### INFORMATION PROVIDED
──────────────────────────────

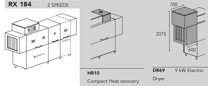 МАШИНА ПОСУДОМОЕЧНАЯ DIHR RX 184 DX+DDE+DR69+HR10
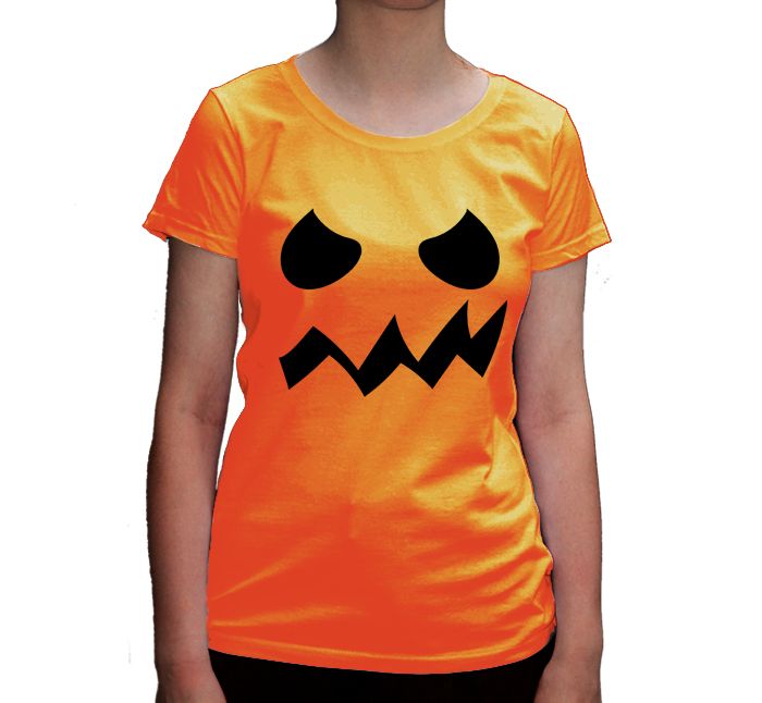 Pomarańczowa koszulka ze straszną buzią dyni.
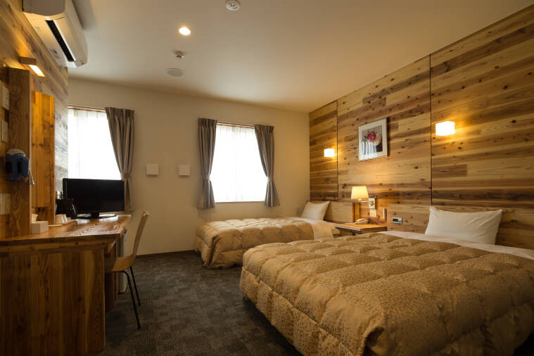 久世の中心部にほど近く、明るく清潔感のある館内。ビジネスや観光にピッタリの、全室ブロードバンド(有線)対応です。サロンのような部屋でどうぞごゆっくりとおくつろぎください。真庭で作られた木造建築材「CLT」で建てられた別棟もあり、木のぬくもりを感じられるお部屋となっています。
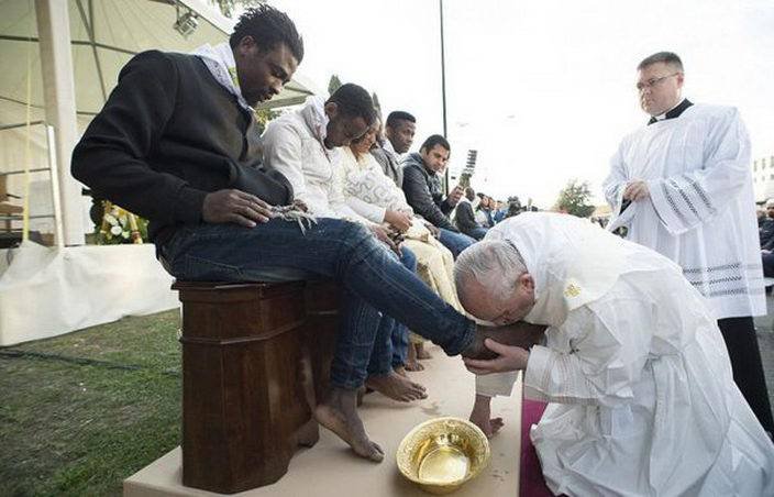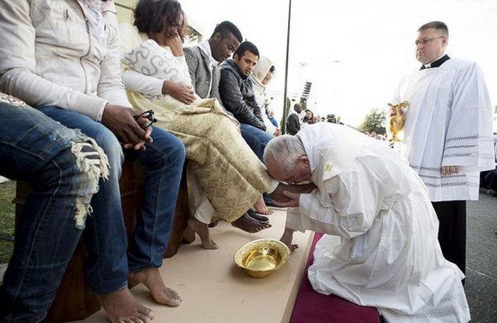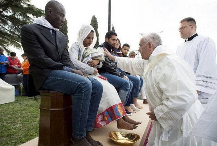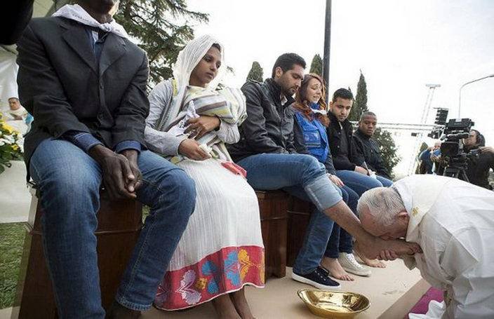 В Великий четверг Страстной недели Папа Римский Франциск провел обряд омовения ног в центре временного размещения беженцев в городе Кастельнуово-ди-Порто, расположенном неподалеку от Рима. Папа Франциск омыл и поцеловал ноги 11 беженцев и одной итальянки, после чего провел мессу Вечери Господней. Из 12 человек только пятеро были католиками, еще трое были мусульманами, трое - коптами и один - индус.

──────────────────────────────

The reply should hold every line of the material above, unchanged, and no pictures.

### WRITTEN ANSWER
 МАШИНА ПОСУДОМОЕЧНАЯ DIHR RX 184 DX+DDE+DR69+HR10
 Pomarańczowa koszulka ze straszną buzią dyni.
 久世の中心部にほど近く、明るく清潔感のある館内。ビジネスや観光にピッタリの、全室ブロードバンド(有線)対応です。サロンのような部屋でどうぞごゆっくりとおくつろぎください。真庭で作られた木造建築材「CLT」で建てられた別棟もあり、木のぬくもりを感じられるお部屋となっています。
 В Великий четверг Страстной недели Папа Римский Франциск провел обряд омовения ног в центре временного размещения беженцев в городе Кастельнуово-ди-Порто, расположенном неподалеку от Рима. Папа Франциск омыл и поцеловал ноги 11 беженцев и одной итальянки, после чего провел мессу Вечери Господней. Из 12 человек только пятеро были католиками, еще трое были мусульманами, трое - коптами и один - индус.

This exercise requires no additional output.